DATA FOR THIS EXERCISE:
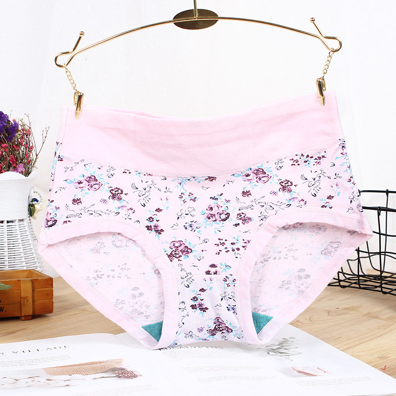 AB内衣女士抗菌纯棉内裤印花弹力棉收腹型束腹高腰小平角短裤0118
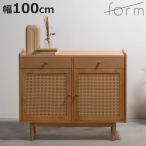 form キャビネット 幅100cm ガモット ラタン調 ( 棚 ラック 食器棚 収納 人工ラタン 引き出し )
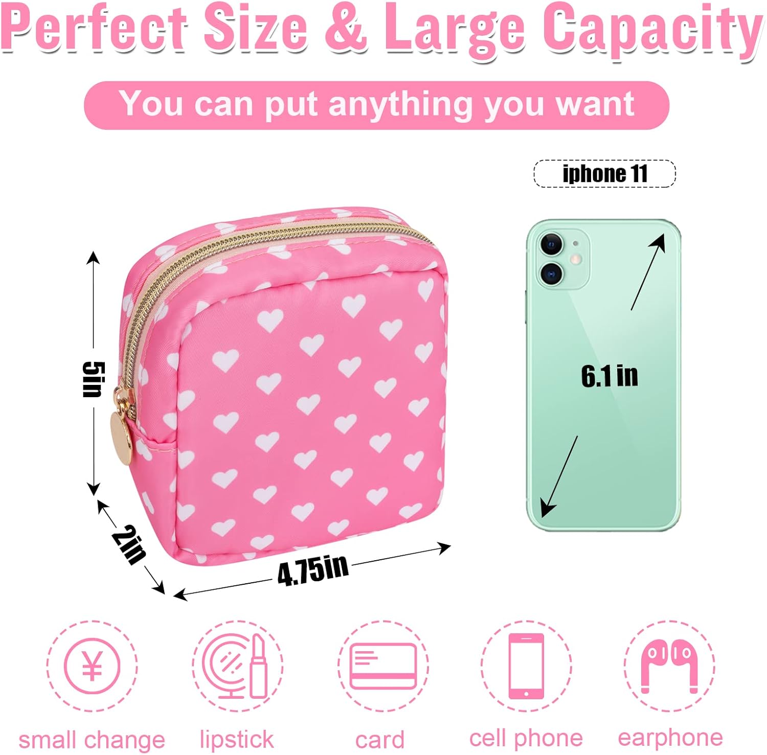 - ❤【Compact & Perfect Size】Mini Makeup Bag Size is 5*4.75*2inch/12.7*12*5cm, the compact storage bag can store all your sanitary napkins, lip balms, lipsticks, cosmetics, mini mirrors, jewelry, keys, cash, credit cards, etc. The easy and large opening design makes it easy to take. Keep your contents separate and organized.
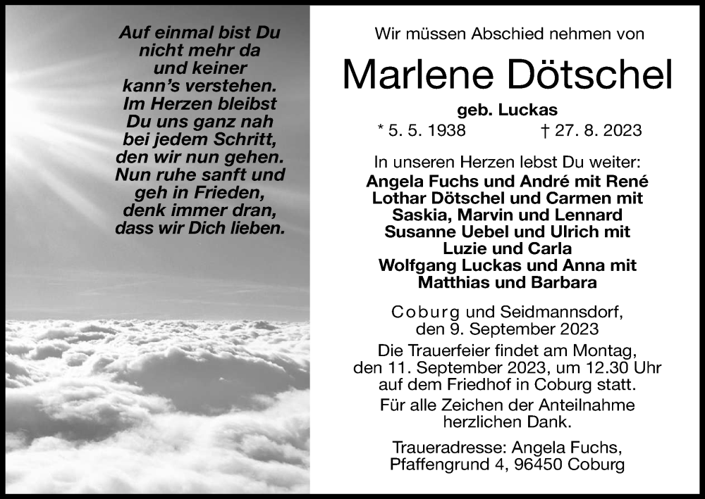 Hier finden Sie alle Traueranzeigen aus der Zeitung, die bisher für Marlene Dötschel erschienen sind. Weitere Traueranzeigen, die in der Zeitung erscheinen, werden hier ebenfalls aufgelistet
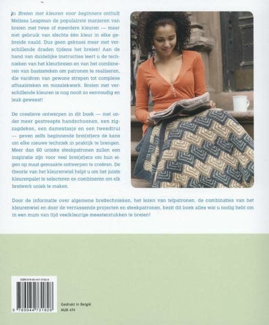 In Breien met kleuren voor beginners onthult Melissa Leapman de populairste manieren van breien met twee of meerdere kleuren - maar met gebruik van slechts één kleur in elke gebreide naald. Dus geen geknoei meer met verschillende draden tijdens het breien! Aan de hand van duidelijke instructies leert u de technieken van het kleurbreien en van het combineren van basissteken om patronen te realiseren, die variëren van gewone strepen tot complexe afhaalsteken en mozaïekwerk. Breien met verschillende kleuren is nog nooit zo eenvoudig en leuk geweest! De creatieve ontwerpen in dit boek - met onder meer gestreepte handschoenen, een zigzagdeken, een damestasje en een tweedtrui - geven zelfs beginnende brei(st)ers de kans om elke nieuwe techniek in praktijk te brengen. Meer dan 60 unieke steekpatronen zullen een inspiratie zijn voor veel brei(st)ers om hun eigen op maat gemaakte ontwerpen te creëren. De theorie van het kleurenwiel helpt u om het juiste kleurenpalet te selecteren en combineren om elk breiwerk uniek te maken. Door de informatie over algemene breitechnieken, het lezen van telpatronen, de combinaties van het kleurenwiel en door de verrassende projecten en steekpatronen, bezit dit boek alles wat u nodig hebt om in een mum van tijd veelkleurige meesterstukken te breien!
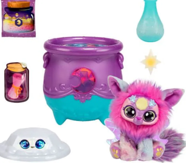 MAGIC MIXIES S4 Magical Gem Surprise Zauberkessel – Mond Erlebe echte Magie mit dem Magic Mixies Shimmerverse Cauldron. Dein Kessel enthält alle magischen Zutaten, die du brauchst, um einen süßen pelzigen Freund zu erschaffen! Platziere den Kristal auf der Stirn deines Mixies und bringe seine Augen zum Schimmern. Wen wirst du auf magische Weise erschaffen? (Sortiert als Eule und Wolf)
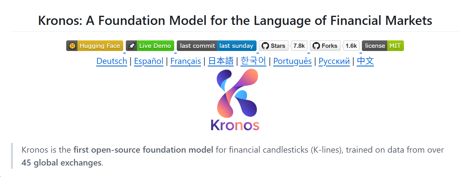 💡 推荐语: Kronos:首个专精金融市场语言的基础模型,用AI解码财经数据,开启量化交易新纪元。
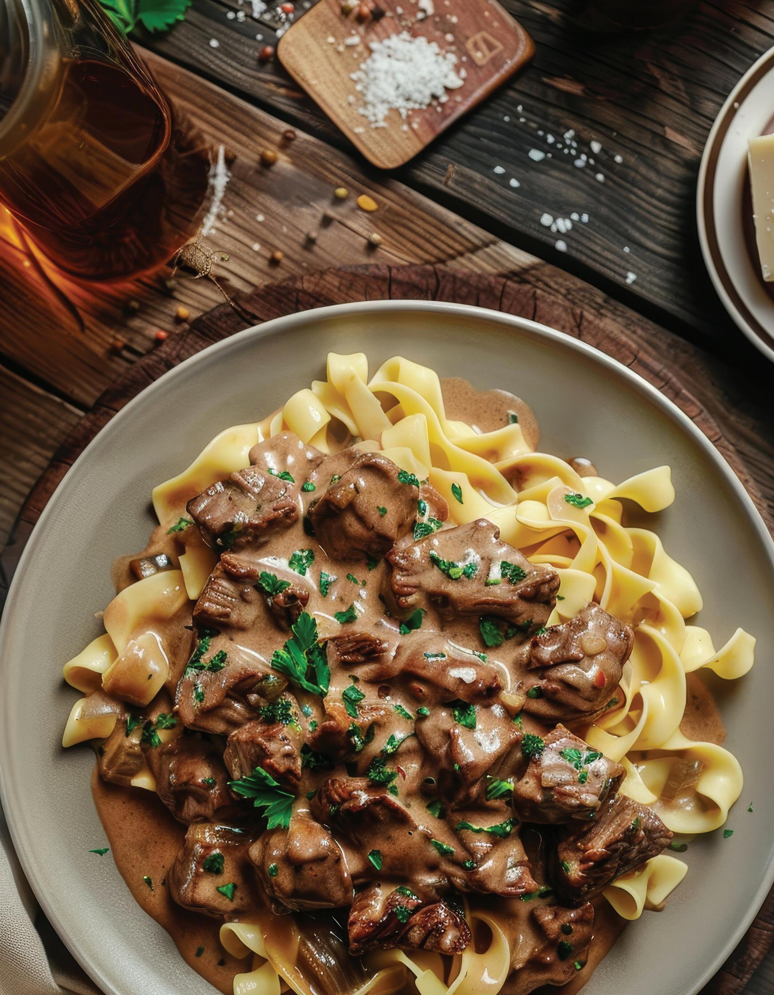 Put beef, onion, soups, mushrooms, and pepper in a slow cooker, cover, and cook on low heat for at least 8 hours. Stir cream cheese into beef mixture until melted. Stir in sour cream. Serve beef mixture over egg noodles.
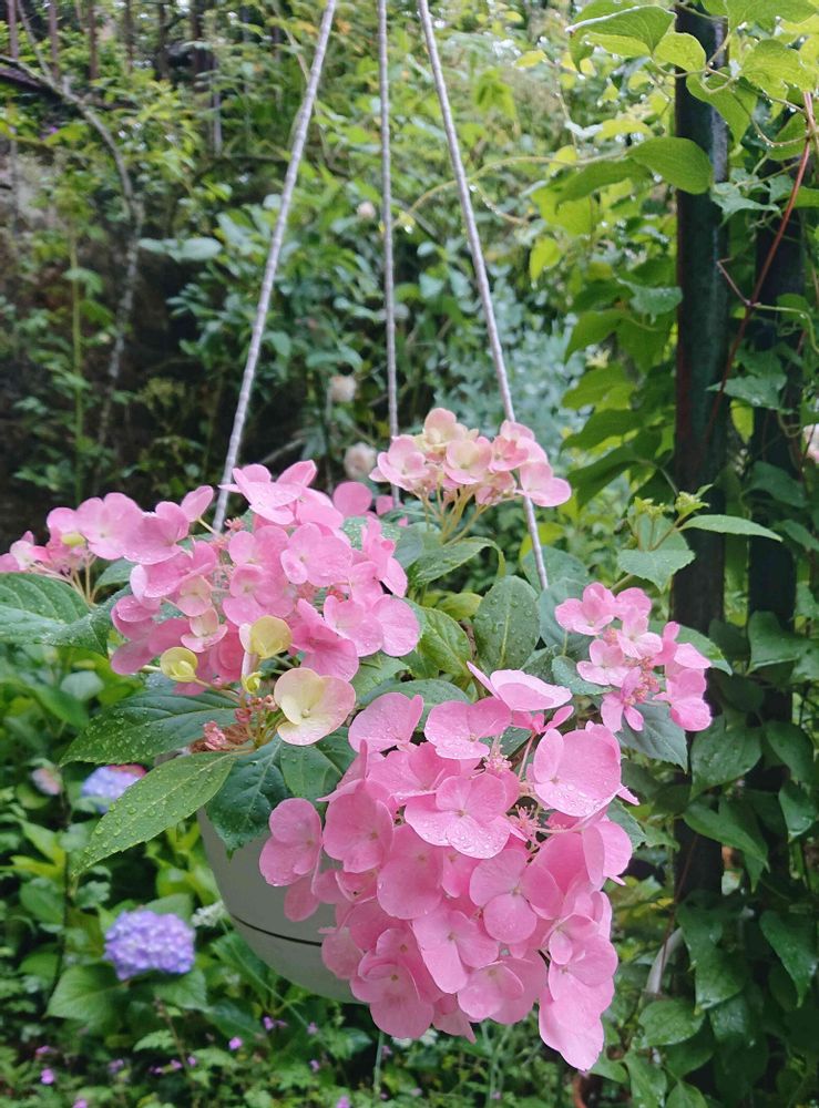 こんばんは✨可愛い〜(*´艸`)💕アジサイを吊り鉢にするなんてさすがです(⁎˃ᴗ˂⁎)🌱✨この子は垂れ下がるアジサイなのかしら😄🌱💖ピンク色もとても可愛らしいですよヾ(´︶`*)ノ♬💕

AIM OF THE EXERCISE: Each record above should be retyped exactly, with no pictures carried over.

SOLUTION TO THIS EXERCISE:
 AB内衣女士抗菌纯棉内裤印花弹力棉收腹型束腹高腰小平角短裤0118
 form キャビネット 幅100cm ガモット ラタン調 ( 棚 ラック 食器棚 収納 人工ラタン 引き出し )
 - ❤【Compact & Perfect Size】Mini Makeup Bag Size is 5*4.75*2inch/12.7*12*5cm, the compact storage bag can store all your sanitary napkins, lip balms, lipsticks, cosmetics, mini mirrors, jewelry, keys, cash, credit cards, etc. The easy and large opening design makes it easy to take. Keep your contents separate and organized.
 Hier finden Sie alle Traueranzeigen aus der Zeitung, die bisher für Marlene Dötschel erschienen sind. Weitere Traueranzeigen, die in der Zeitung erscheinen, werden hier ebenfalls aufgelistet
 In Breien met kleuren voor beginners onthult Melissa Leapman de populairste manieren van breien met twee of meerdere kleuren - maar met gebruik van slechts één kleur in elke gebreide naald. Dus geen geknoei meer met verschillende draden tijdens het breien! Aan de hand van duidelijke instructies leert u de technieken van het kleurbreien en van het combineren van basissteken om patronen te realiseren, die variëren van gewone strepen tot complexe afhaalsteken en mozaïekwerk. Breien met verschillende kleuren is nog nooit zo eenvoudig en leuk geweest! De creatieve ontwerpen in dit boek - met onder meer gestreepte handschoenen, een zigzagdeken, een damestasje en een tweedtrui - geven zelfs beginnende brei(st)ers de kans om elke nieuwe techniek in praktijk te brengen. Meer dan 60 unieke steekpatronen zullen een inspiratie zijn voor veel brei(st)ers om hun eigen op maat gemaakte ontwerpen te creëren. De theorie van het kleurenwiel helpt u om het juiste kleurenpalet te selecteren en combineren om elk breiwerk uniek te maken. Door de informatie over algemene breitechnieken, het lezen van telpatronen, de combinaties van het kleurenwiel en door de verrassende projecten en steekpatronen, bezit dit boek alles wat u nodig hebt om in een mum van tijd veelkleurige meesterstukken te breien!
 MAGIC MIXIES S4 Magical Gem Surprise Zauberkessel – Mond Erlebe echte Magie mit dem Magic Mixies Shimmerverse Cauldron. Dein Kessel enthält alle magischen Zutaten, die du brauchst, um einen süßen pelzigen Freund zu erschaffen! Platziere den Kristal auf der Stirn deines Mixies und bringe seine Augen zum Schimmern. Wen wirst du auf magische Weise erschaffen? (Sortiert als Eule und Wolf)
 💡 推荐语: Kronos:首个专精金融市场语言的基础模型,用AI解码财经数据,开启量化交易新纪元。
 Put beef, onion, soups, mushrooms, and pepper in a slow cooker, cover, and cook on low heat for at least 8 hours. Stir cream cheese into beef mixture until melted. Stir in sour cream. Serve beef mixture over egg noodles.
 こんばんは✨可愛い〜(*´艸`)💕アジサイを吊り鉢にするなんてさすがです(⁎˃ᴗ˂⁎)🌱✨この子は垂れ下がるアジサイなのかしら😄🌱💖ピンク色もとても可愛らしいですよヾ(´︶`*)ノ♬💕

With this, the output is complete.